Scale. A, In a submosaic view (1000 × 1500 μm), scale is observed as variably refractile, amorphous material at the stratum corneum. B, Corresponding histologic image shows thickened, parakeratotic stratum corneum (hematoxylin-eosin, original magnification ×20).
Polygonal nucleated cells at the stratum corneum. A, Polygonal nucleated cells (arrows) at the stratum corneum appear on reflectance confocal microscopy (500 × 500 μm) as thin bright cellular outlines surrounding dark nuclei; these correspond histologically to parakeratotic cells. B, Histopathologic image from the same case shows parakeratosis (hematoxylin-eosin, original magnification ×20).

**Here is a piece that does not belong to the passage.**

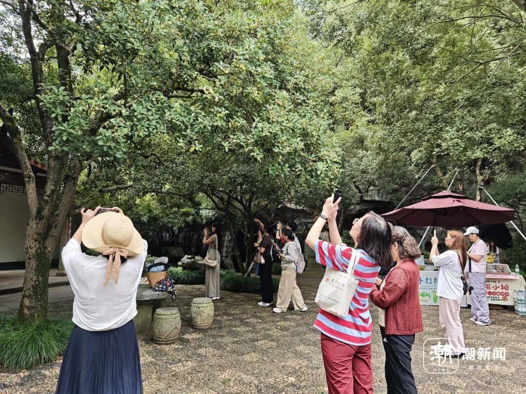 穿梭在满觉陇的步道上,能听到天南地北的口音。一位年年都来“报到”的杭州本地阿姨笑着说:“我们每年都来满觉陇,今年当然也不例外。”更有专程从东北远道而来的游客,被这香甜气息吸引,精心挑选着桂花蜜、桂花酱等特产,“带点正宗的桂花味道回去,给家里人都尝尝!”
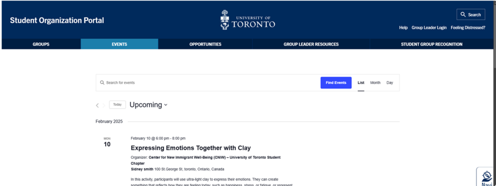 Another part of this research was reviewing already existing practices for event management and promotion used by UofT clubs. At the time of research, students only had a few limited ways of discovering clubs and events. Other than monthly newsletters and social media, there is a Student Organization Portal. However, the portal is infrequently updated and does not properly reflect all potential events happening on campus.

Epidermal patterns. A, Typical honeycomb is the reflectance confocal microscopy (RCM) term used to describe the regular gridlike pattern created by the keratinocytes of the spinous-granular layer. B, In atypical honeycomb pattern, the gridlike pattern can still be seen in the RCM image at the level of the spinous-granular layer, but the cellular outlines have various brightnesses, and the dark nuclei have various shapes and sizes. C, Histopathologic image from the same case as panel B shows full-thickness epidermal atypia. D, Disarranged pattern is the term used to describe the RCM appearance at the level of the spinous-granular layer in which cellular or nuclear outlines cannot be discerned, resulting in the loss of the gridlike pattern. E, Histopathologic image from the same case as panel D shows more pronounced epidermal atypia. All RCM images are 500 × 500 μm; both histopathologic samples are hematoxylin-eosin stained, original magnification ×20.
Round nucleated cells at spinous-granular layer. A, Round nucleated cells (arrows) at the spinous-granular layer (500 × 500 μm) are observed within atypical honeycombing. B, Histopathologic image from the same case shows atypical keratinocytes (arrows) (hematoxylin-eosin, original magnification ×20).
Round blood vessels. A, Round blood vessels (arrows) in the dermal papilla are seen on reflectance confocal microscopy at the level of the dermoepidermal junction (500 × 500 μm); a row of blood cells can be seen traversing through the blood vessels. The blood flow is best seen in (video>http://archderm.ama-assn.org/cgi/content/full/145/7/766/DC1">video) mode. B, Histopathologic image from the same case shows a blood vessel in the dermis (arrow) (hematoxylin-eosin, original magnification ×20).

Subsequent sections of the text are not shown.